# Recorded data
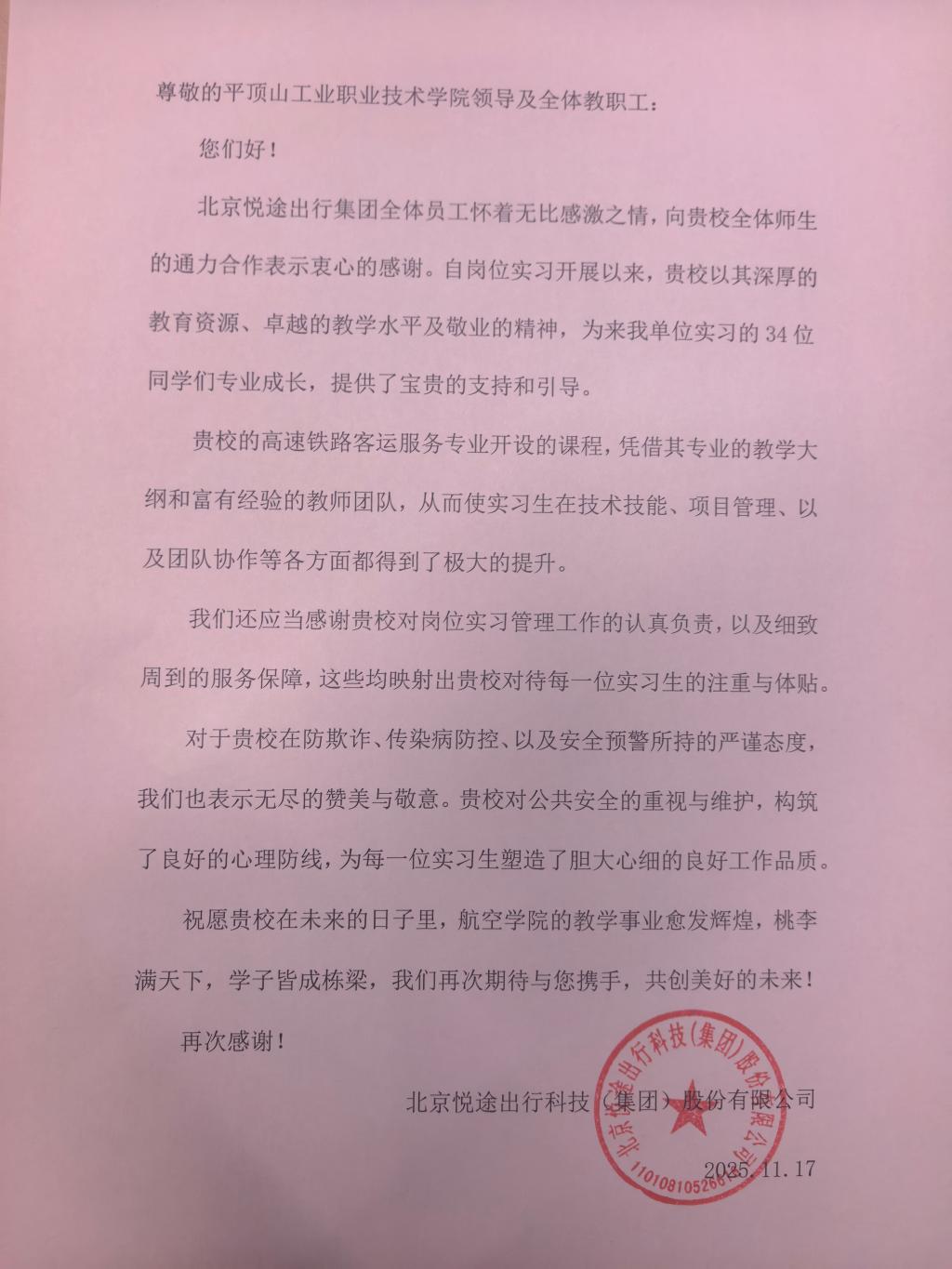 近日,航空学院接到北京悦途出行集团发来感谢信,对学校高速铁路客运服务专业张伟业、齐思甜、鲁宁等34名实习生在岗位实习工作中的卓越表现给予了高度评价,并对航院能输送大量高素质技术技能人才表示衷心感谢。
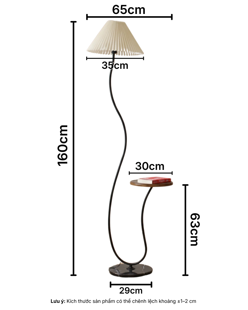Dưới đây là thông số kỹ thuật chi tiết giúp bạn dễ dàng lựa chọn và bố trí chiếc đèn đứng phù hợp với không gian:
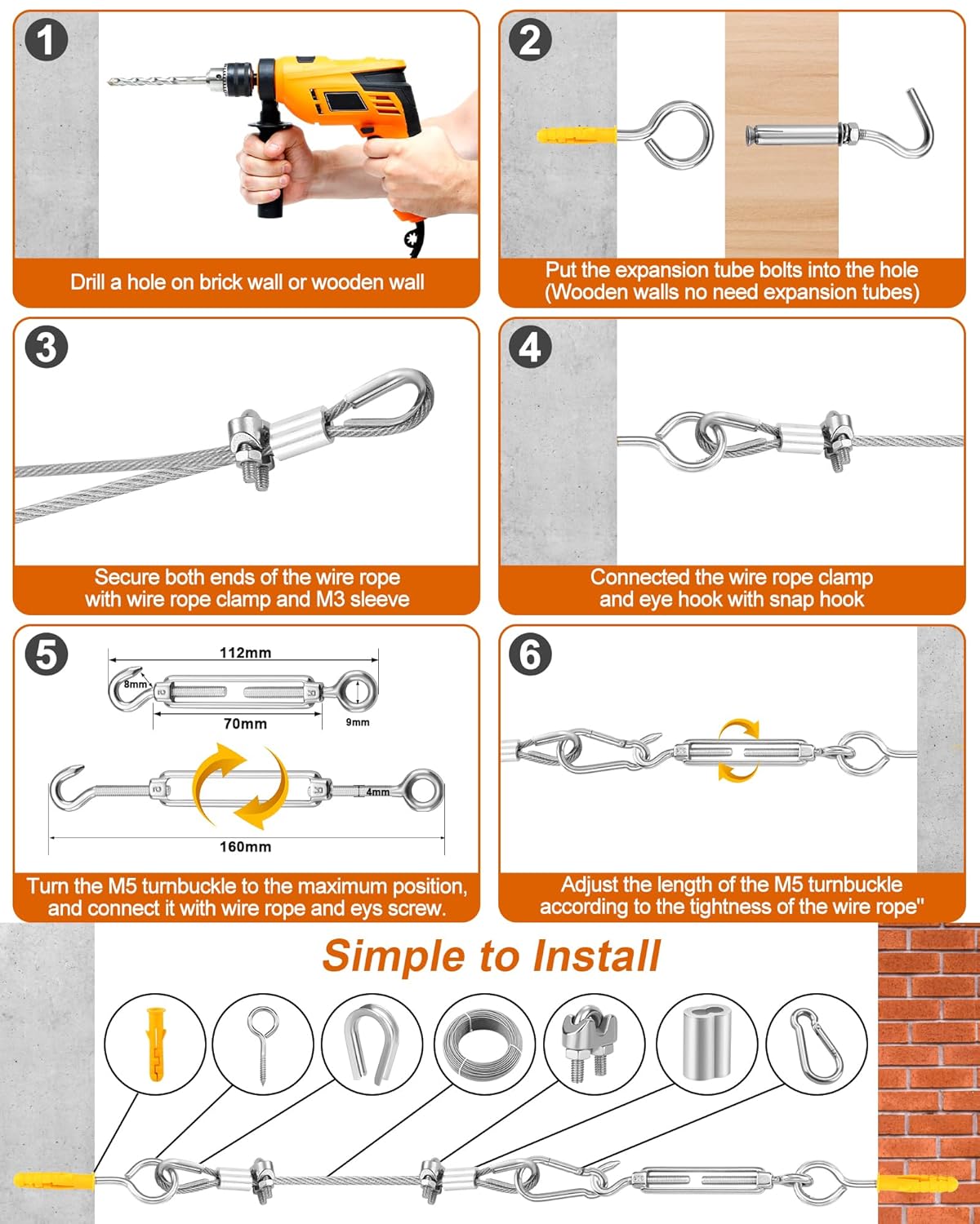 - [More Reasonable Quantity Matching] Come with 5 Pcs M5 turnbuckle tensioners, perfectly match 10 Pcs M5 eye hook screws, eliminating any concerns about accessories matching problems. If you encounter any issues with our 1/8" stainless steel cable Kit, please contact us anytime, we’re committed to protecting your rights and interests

# Assignment
Please output exactly the lines of the data above, from its first line through the line with "Dưới đây là", and nothing else; drop the pictures.

# Task output
 近日,航空学院接到北京悦途出行集团发来感谢信,对学校高速铁路客运服务专业张伟业、齐思甜、鲁宁等34名实习生在岗位实习工作中的卓越表现给予了高度评价,并对航院能输送大量高素质技术技能人才表示衷心感谢。
Dưới đây là thông số kỹ thuật chi tiết giúp bạn dễ dàng lựa chọn và bố trí chiếc đèn đứng phù hợp với không gian:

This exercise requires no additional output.